Thomas Jefferson Papers

To Thomas Jefferson from Benjamin Hawkins, 9 June 1787

From Benjamin Hawkins

New York the 9th June 1787

Dear Sir

By the june Packet I have the happiness of complying in a great measure with my promise of the eighth of march. Finding that I had lost most of my plants through the inattention or ignorance of the Captain who had the care of them from North Carolina although I made repeated trials and the last with giving particular directions on the proper method of treating them. And fearing that similar inattention might prevent your receiving of them, I have taken the liberty of addressing the whole to M. le Comte de Buffon intendant du Jardin du Roi au Jardin du Roi a Paris. And in return for this liberty I have requested the favor of the Comte to divide the plants equally between you and himself.

Mr. de la Forest dos not go to France as I expected but he nevertheless interests himself in the safety of the plants and has written to Monsieur de Mistral commissarie general de la Mazine au ordonnateur au Havre, to forward with great care the box and four earthen pots in which they are contained. As soon as I can procure any of the seeds, I will send them as you have directed. The largest of the pots and the broken one is filled with the native soil. In the box and the other pots I laid a clay foundation, not having a sufficiency of the Native soil to fill them. You know I believe that they grow low down in North Carolina where the soil is generally moist.
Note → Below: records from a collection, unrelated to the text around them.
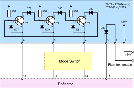 Pins 16 and 24 of the reflector are routed via unit 8 and 9 of the MODE switch.
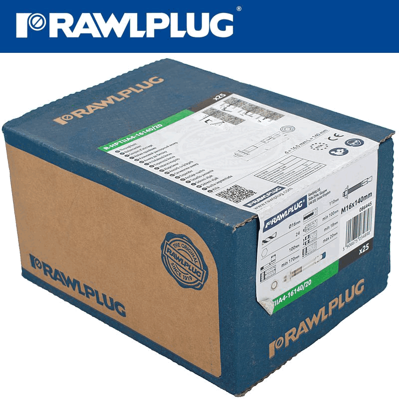 RAWLPLUG Throughbolt M16X140Mm A4 Stainless Steel X25-Box
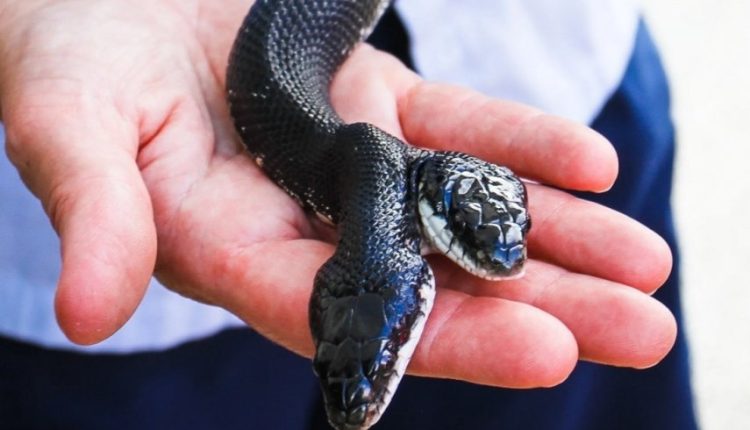 بالصور.. أفعى نادرة ذات رأسين تفاجئ الجميع
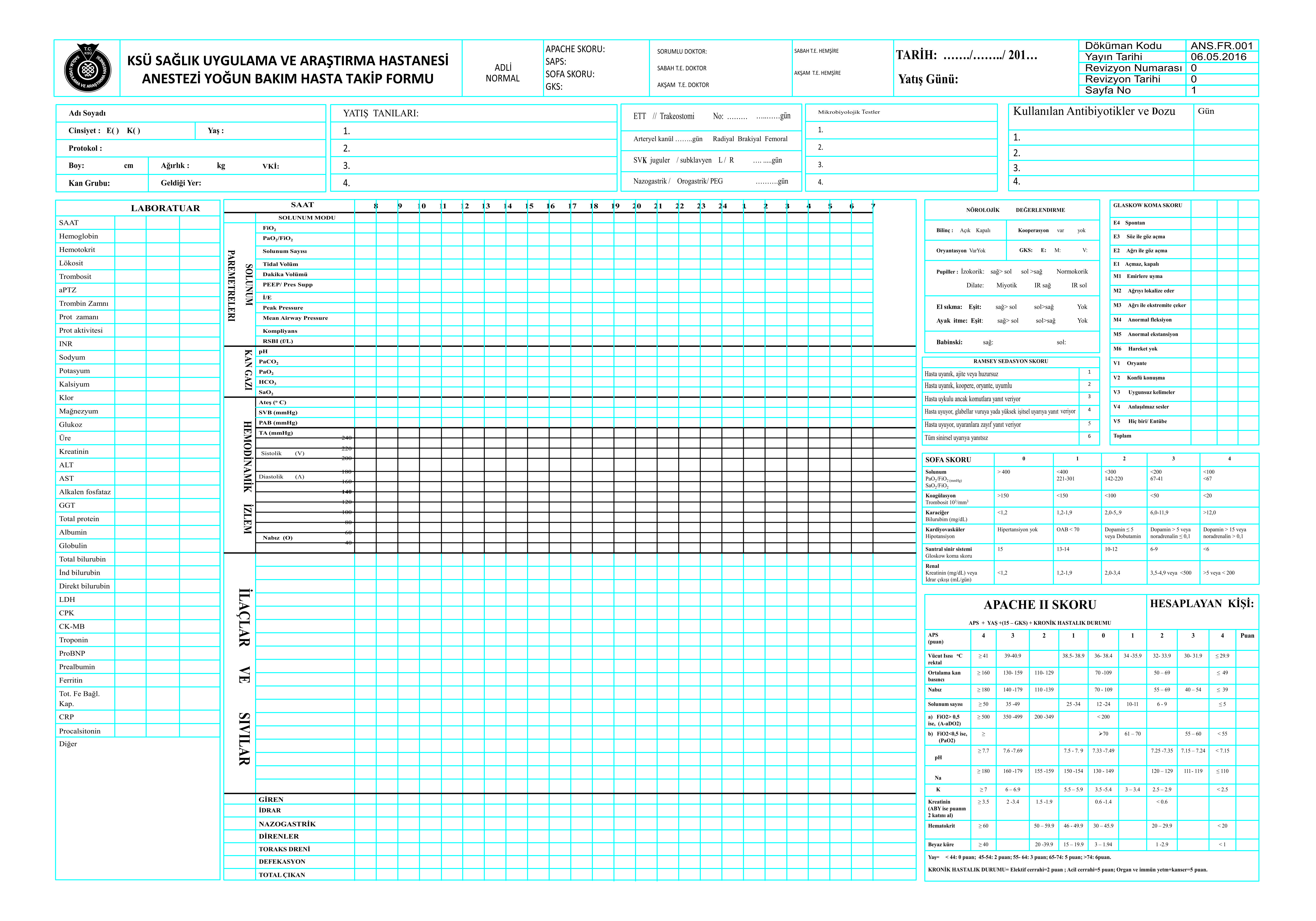 | ANS.FR.001 ANESTEZİ YOĞUN BAKIM HASTA İZLEM FORMU ön YÜZ |
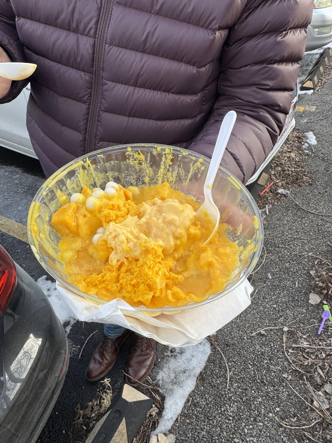 8. Mango Mango: Put our names in for QXY and came here for a palate cleanse while waiting. Mango ice partially eaten there, rest shown eaten back at car after QXY after pouring a few ounces of rum on top. Highly recommend (even better with the rum.) Crème brûlée pastry was an add on and tasty but mango ice was the star.
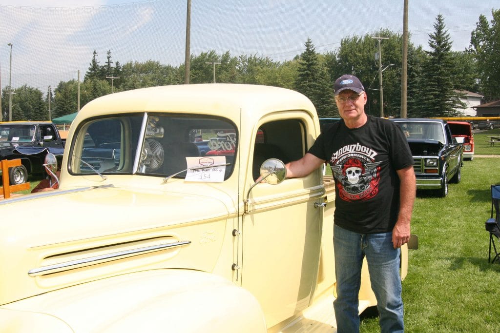 Old pickups – Kevin Rabey entered in his yellow 1946 Ford pickup into the Arthur truck show on Aug. 19.
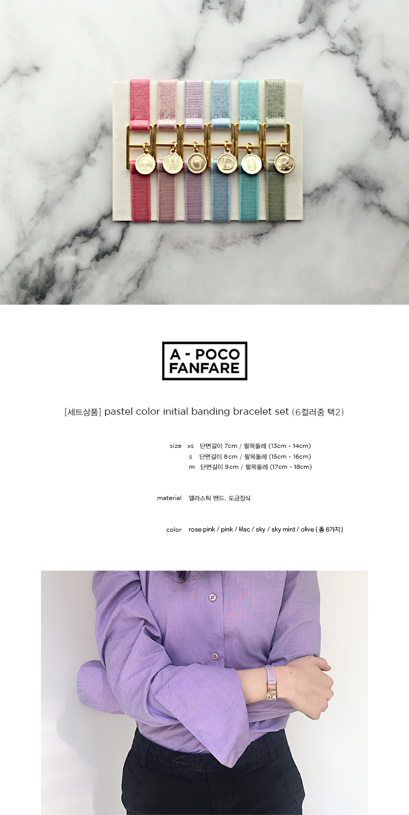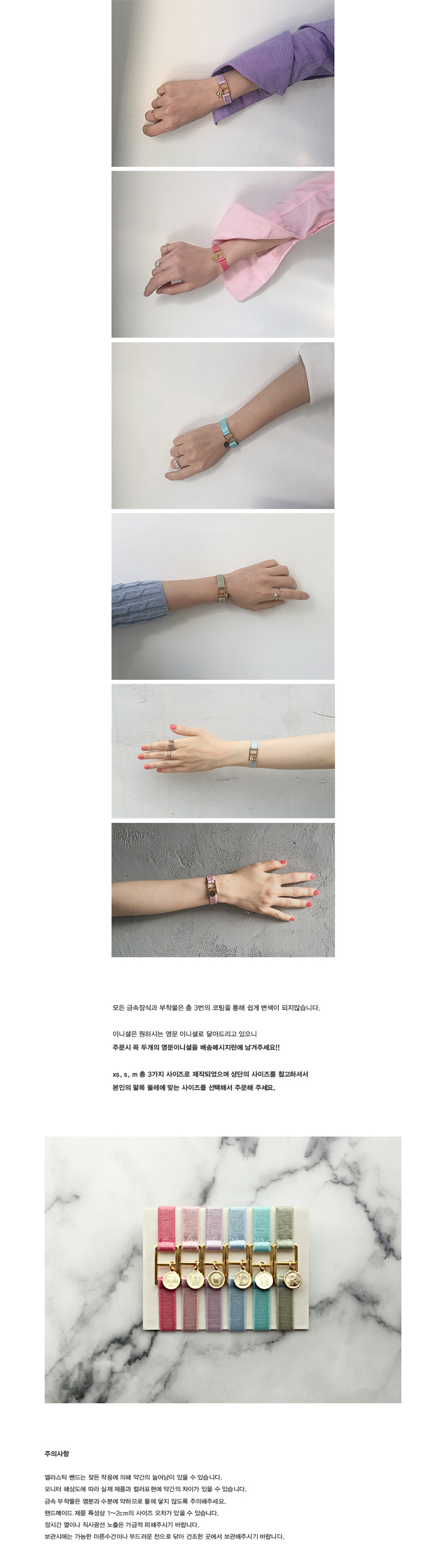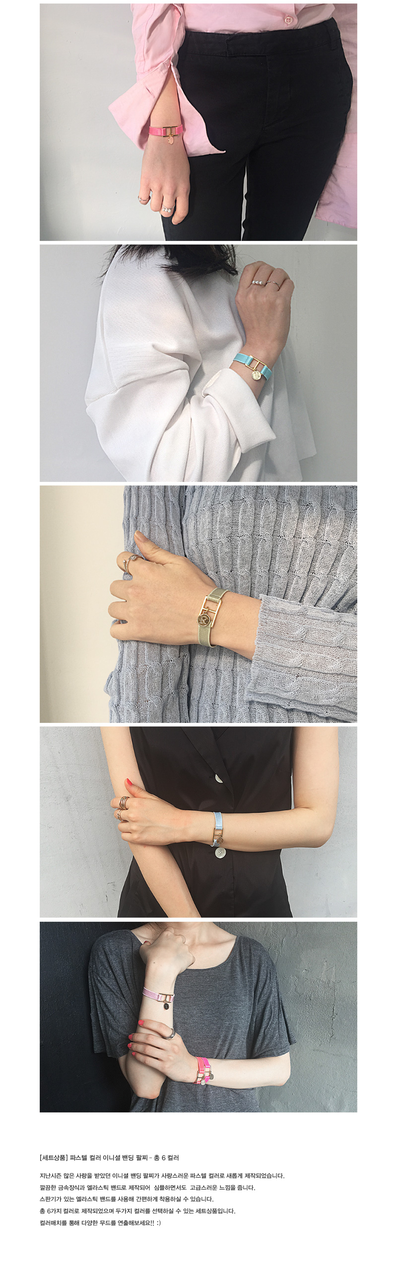 지난시즌 많은 사랑을 받았던 이니셜 밴딩 팔찌가 사랑스러운 파스텔 컬러로
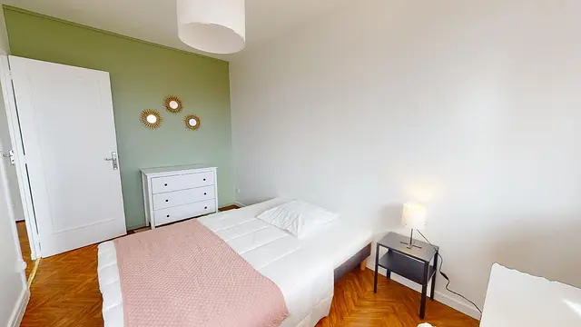 Cette chambre est meublée d'un lit double, d'un bureau simple, d'une commode ainsi que d'une table de nuit. Un grand espace de rangement partagé est également accessible dans le couloir.
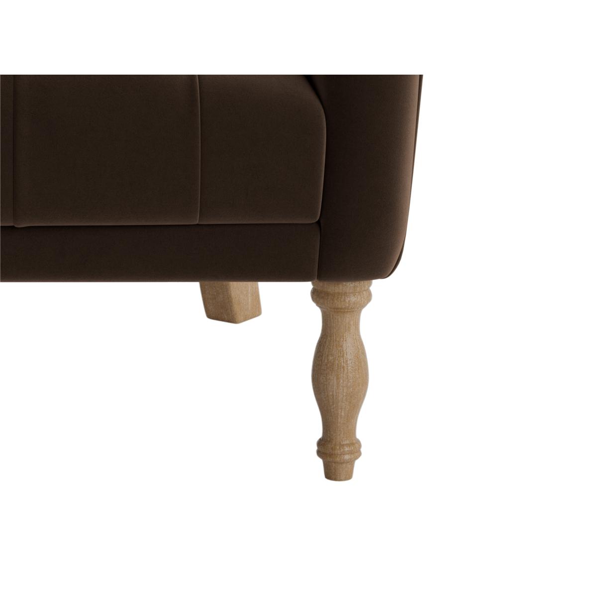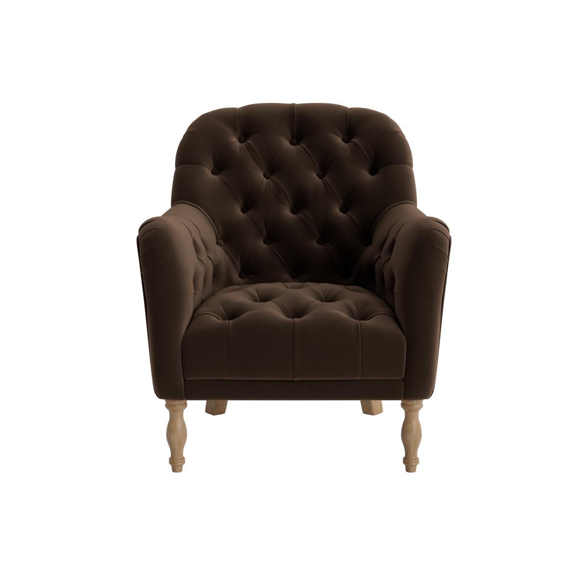 Sitting in this buttoned armchair is like receiving a whopping great big hug from a bear*. That's how comfy it is. (*A teddy bear. Not a real bear. That would be lethal.)
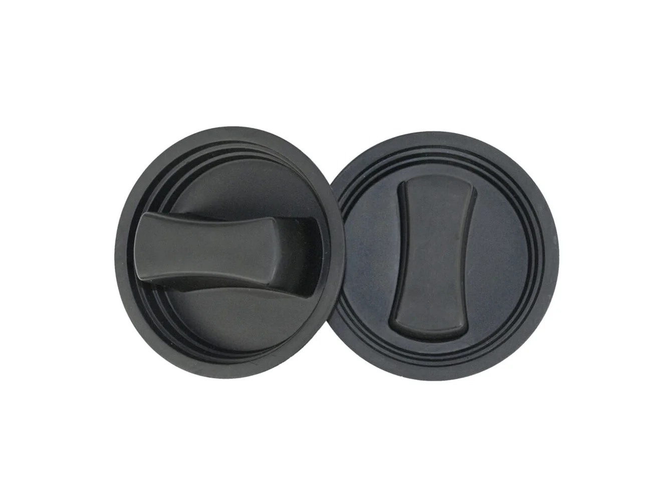 Press-fit RV sewer hose end caps for preventing dripping during storage and transport.
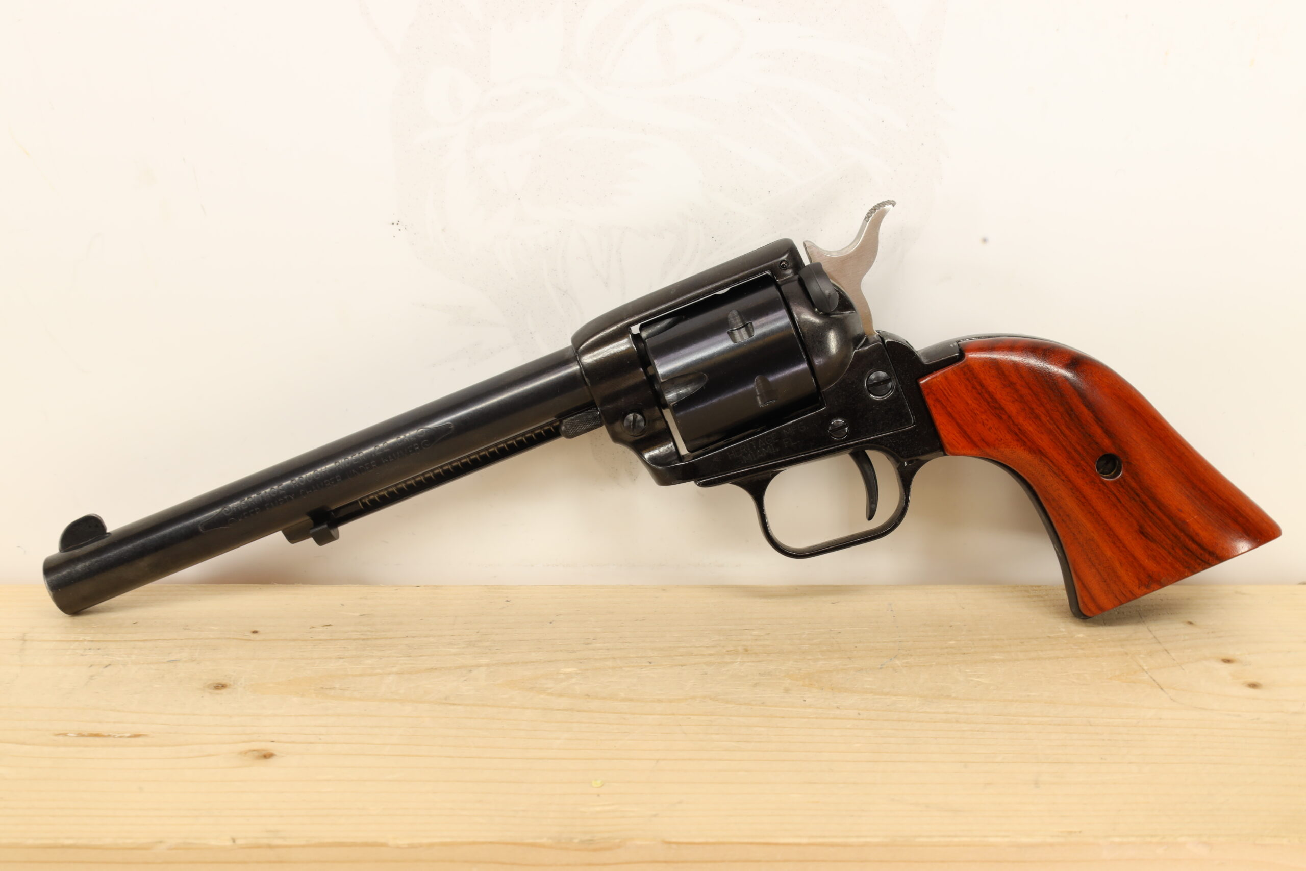 The Heritage Manufacturing Rough Rider chambered in 22LR is known for its Western-style appeal and affordability. This single-action revolver has a longer 6.5″ barrel for a vintage look and feel. Despite being a fun plinker, it also serves as a reliable choice for small game hunting.

I expected to have had the pleasure of communicating to you the part of the information on Indian Queres which I had allotted to Mr. McGillivray but my letters are not yet come to hand, tho’ I have reason to believe that he wrot to me some time in march by our Superintendant of Indian affairs and as he is on his way hither probably I shall get them within this month.

Our friend Colonel Carrington promises me to give you a long narrative of our Politics, and therefore it would be superfluous if not presumptuous in me to do it. I will only add that every citizen of the United States is looking up with eager anxious hopes to the convention for an efficient Government: that the proceedings of the Convention are under such an injunction of Secrecy as that confidential communications are inconsistant with the rules established as necessary to preserve the fullest freedom of discussion and to prevent misconceptions and misconstructions without doors.

Adieu Dear Sir, and believe me sincerely and truly your faithful friend and Most obedient humble Servt,

Benjamin Hawkins

Enclosed is a duplicate of the letter to the Count.

RC (DLC); endorsed. Recorded in SJL as received 14 July 1787. Enclosure not found.